In this post we will find a formula to do this quickly. The first to note is that the angular integration gives none other than the surface area of a $d $-dimensional unit sphere. We will show that this area is equal to
\[\text{Area} =\frac{2\pi ^{d/2}}{\Gamma \left( \frac{1}{2}d \right) } \tag{i}\]Where $d $, again, is the number of dimensions, and $\Gamma $ is the Euler gamma function:
\[\Gamma (z)=\int_{0}^{\infty } t^{z-1}e^{-t}dt \]This blog post serves a similar purpose the last blog (number 10). The advantage of using Eq. (i) to break down a $d $-dimensional integral is to get a 1-dimensional (radial) integral, which can be computed with less complications.

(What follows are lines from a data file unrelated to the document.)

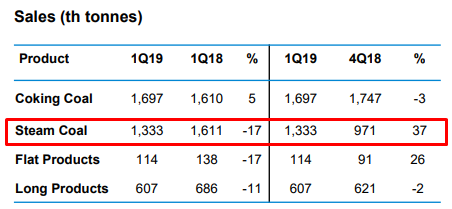 Продажи энергетического угля стабильно составляют 35% всех продаж компании. Падение цен на энергетический уголь наряду с падением цен на сталь и коксующийся уголь окажет отрицательный мультипликаторный эффект на финансовые результаты компании.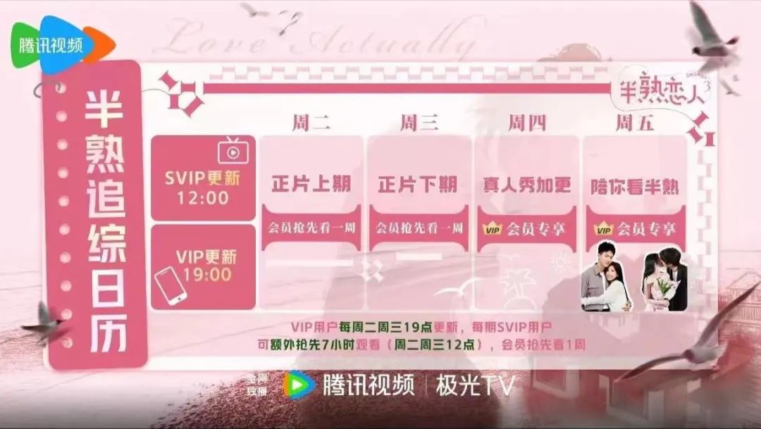 诚如《半熟恋人》第一季在“裸播到底”之下迎来了不俗的会员拉新与市场话题,第二季便正式拿着冠名与赞助向平台用户免费供应,而到了今年的第三季,又丢失了冠名的《半熟恋人3》直接被装扮成了会员综艺,且打出了SVIP提前七小时抢先看的字样。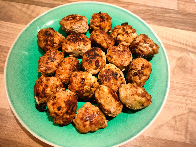Farsen formes til frikadeller, der steges på en stegepande i fedtstoffet.
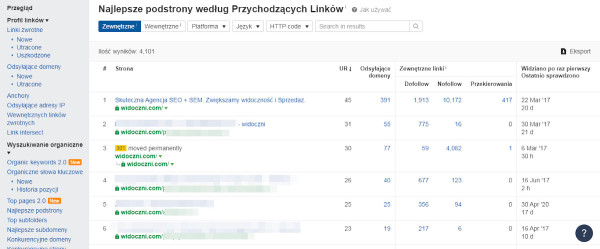 Lista najlepszych podstron pod względem profilu linkowego w narzędziu Ahrefs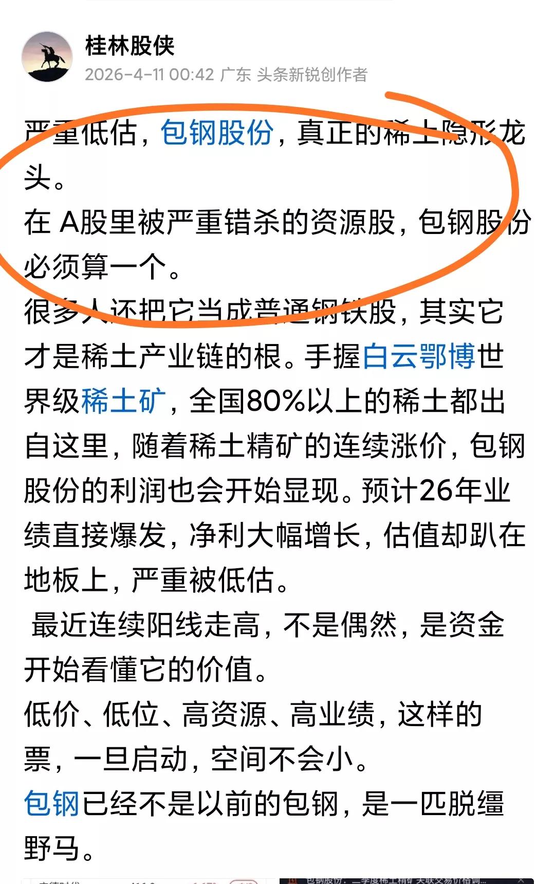 严重低估的包钢股份即将再创新高? 包钢现在的股价其实就是普通钢铁股的价格,但是人家可是矿资源最丰富的公司啊,人家80%的利润可都来自稀土。稀土精矿已经连续7季提价,机构预测今年净利润达到200%左右。 前两天还在跟朋友聊包钢,说它低估它潜力巨大。从市场行情看,稀土的价值越来越凸显,(新能源+风电爆发,市场供不应求)包钢握有这么大比例的稀土利润,再创历史新高不是没可能。 想象一下,一旦市场真正认识到它的价值,你觉的还会是现在的白菜价吗?会不会直接一飞冲天呢?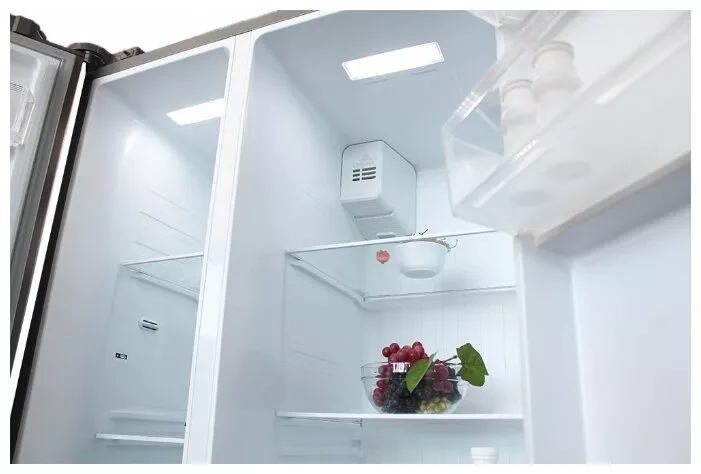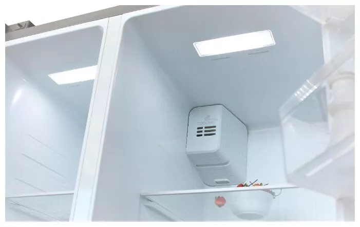 Холодильник с распашными дверями (Side by Side) Бирюса SBS 587 WG станет отличным выбором для пользователей, нуждающихся в размещении очень большого количества продуктов, в том числе – замороженных. Объем морозильной камеры, которая расположена слева, составляет 175 л, а объем холодильной камеры – 335 л. Общий полезный объем холодильника – 510 л. «Обслуживанием» устройства «занят» инверторный компрессор, сочетающий в себе малошумность, низкий уровень энергопотребления и значительный ресурс. Холодильник соответствует высокому (A+) классу энергоэффективности. За год модель потребляет около 405 кВт·ч. Номинальная потребляемая мощность составляет 240 Вт. Уровень шума в процессе работы холодильника – не более 43 дБ. Система освещения базируется на светодиодах. Источники света данного типа отличаются очень высокой яркостью и минимальным потреблением энергии.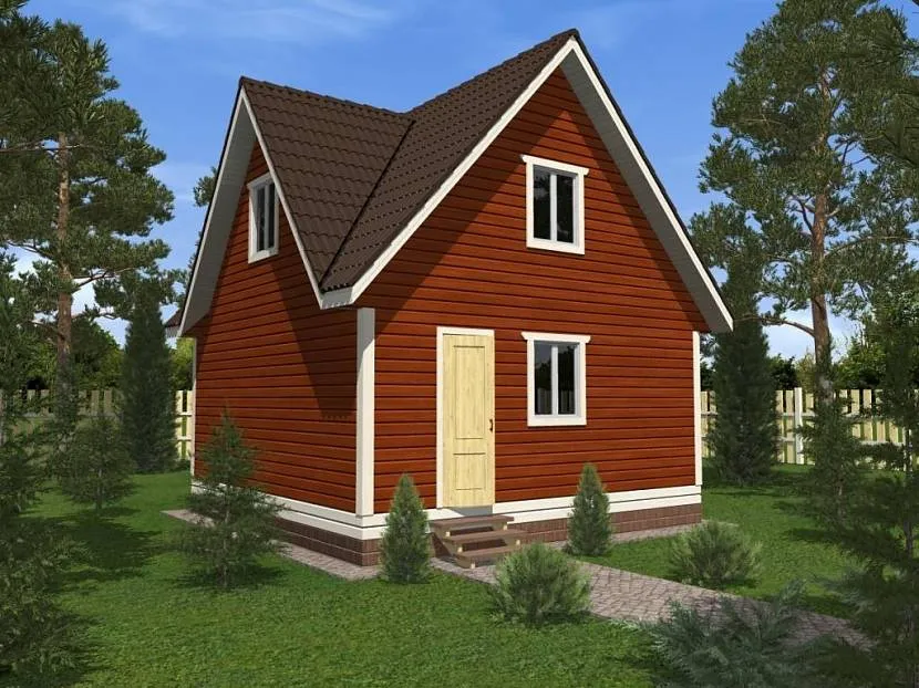 - Немного меньших размеров жильё 7х9 с мансардой или квадратный дом из бруса 8х8 с мансардой;

We will find the desired expression by performing the integral $\int d^{d}xe^{-x^2 } $ both in Cartesian and spherical coordinates.
We start by recalling that
\[\int_{-\infty }^{\infty } e^{-x^2 }dx = \sqrt{\pi } \]So the Cartesian integral is:
\begin{align*} \int_{-\infty }^{\infty } d^d x e^{-x^2 } &= \int_{-\infty }^{\infty } d^{d}xe^{-x_2 ^2 -\cdots -x_d^2 } \\ &= \sqrt{\pi }^{d} \tag{ii} \end{align*}For the spherical integral, we recall that
\[d^{d}x\rightarrow d\Omega dr r^{d-1} \]Where the $dr $ integral goes from $0 $ to $\infty $. Further, $x^2 \rightarrow r^2 $. We see that the integral in spherical coordinates is:
\begin{align*} \int d\Omega dr r^{d-1}e^{-r^2 } &= \int d\Omega \int_{0}^{\infty } dr\;r^{d-1}e^{-r^2 } \\ &= \Omega \int_{0}^{\infty } dr\;r^{d-1}e^{-r^2 }\\ \text{let $r^2 =u $, so $du=2rdr $} \;\;\;\;\; &= \Omega \int_{0}^{\infty } du\frac{1}{2}r^{d-2}e^{-u}\\ &= \frac{\Omega }{2} \int_{0}^{\infty } du (r^2 )^{\frac{d-2}{2}}e^{-u}\\ &= \frac{\Omega }{2} \int_{0}^{\infty } du u^{\frac{d-2}{2}}e^{-u}\\ &= \frac{\Omega }{2} \int_{0}^{\infty } du u^{\frac{d}{2}-1}e^{-u}\\ &= \frac{\Omega }{2}\Gamma (d/2) \tag{iii} \end{align*}Where $\Omega $ denotes the area of the unit $d $-dimensional sphere.
We now equate equations (ii) and (iii) to find:
\[\text{Area}\equiv \Omega =\frac{2\pi ^{d/2}}{\Gamma \left( \frac{1}{2}d \right) } \]As stated in the introduction.
So far we only have the area of the unit $d $-dimensional sphere, but what do we do with this? Consider an integral of the form:
\[\int d^{d}x\;f(x^2 ) \]Where $f $ only depends on the radial part. Then we turn the $d $ integrals $\int dx_i $ into a single integral over the variable $k^2 $:
\[d^{d}x = \frac{\pi ^{d/2}}{\Gamma (d/2)}(x^2 )^{\frac{d}{2}-1}d(x^2 ) \]Where the integral over $x^2 $ goes from $0 $ to $\infty $. It is often useful to make the trivial substitution $x^2 \rightarrow v $ or some other variable to avoid confusion with the 2 in the exponent acting just as a label rather than as an actual number.